We can then use the list.len method to find out how many tweets we collected.

In [0]:
print(len(brexitTweets))

pandas can be used to structure tweets data into a pandas DataFrame to simplify the data manipulation. DataFrames are a 2-dimensional, size-mutable, potentially heterogeneous tabular data structure with labeled axes (rows and columns). 

Here, we'll create a  tweetsDF with three columns text, lang, and country. The 'text' column contains the main tweet text, the lang column contains the language in which the tweet was written, and country is the country from which the tweet was sent.

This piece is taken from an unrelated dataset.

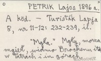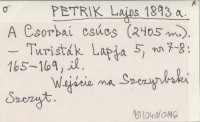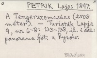 PETRIK Lajos 1897 A Tengerszemcsúcs (2508 méter).

We first create an empty tweetsDF. Then the map() function is used to applies the lambda function of extracting the given key to each JSON element of brexitTweets list and assiagns a list of the results to each column on the tweetsDF.

In [0]:
tweetsDF = pd.DataFrame()

In [0]:
tweetsDF['text'] = list(map(lambda tweet: tweet['text'], brexitTweets))
tweetsDF['lang'] = list(map(lambda tweet: tweet['lang'], brexitTweets))
tweetsDF['country'] = list(map(lambda tweet: tweet['place']['country'] if tweet['place'] != None else None, brexitTweets))
tweetsDF.describe()

Now we've got the tweets in a better managable data structure, it's easy to use pyplot from matplotlib to plot charts.
The following code looks for the top 5 languages the tweets were written in and displays a bar chart.


In [0]:
tweets_by_lang = tweetsDF['lang'].value_counts()

fig, ax = plt.subplots()
ax.tick_params(axis='x', labelsize=15)
ax.tick_params(axis='y', labelsize=10)
ax.set_xlabel('Languages', fontsize=15)
ax.set_ylabel('Number of tweets' , fontsize=15)
ax.set_title('Top 5 languages', fontsize=15, fontweight='bold')
tweets_by_lang[:5].plot(ax=ax, kind='bar', color='green')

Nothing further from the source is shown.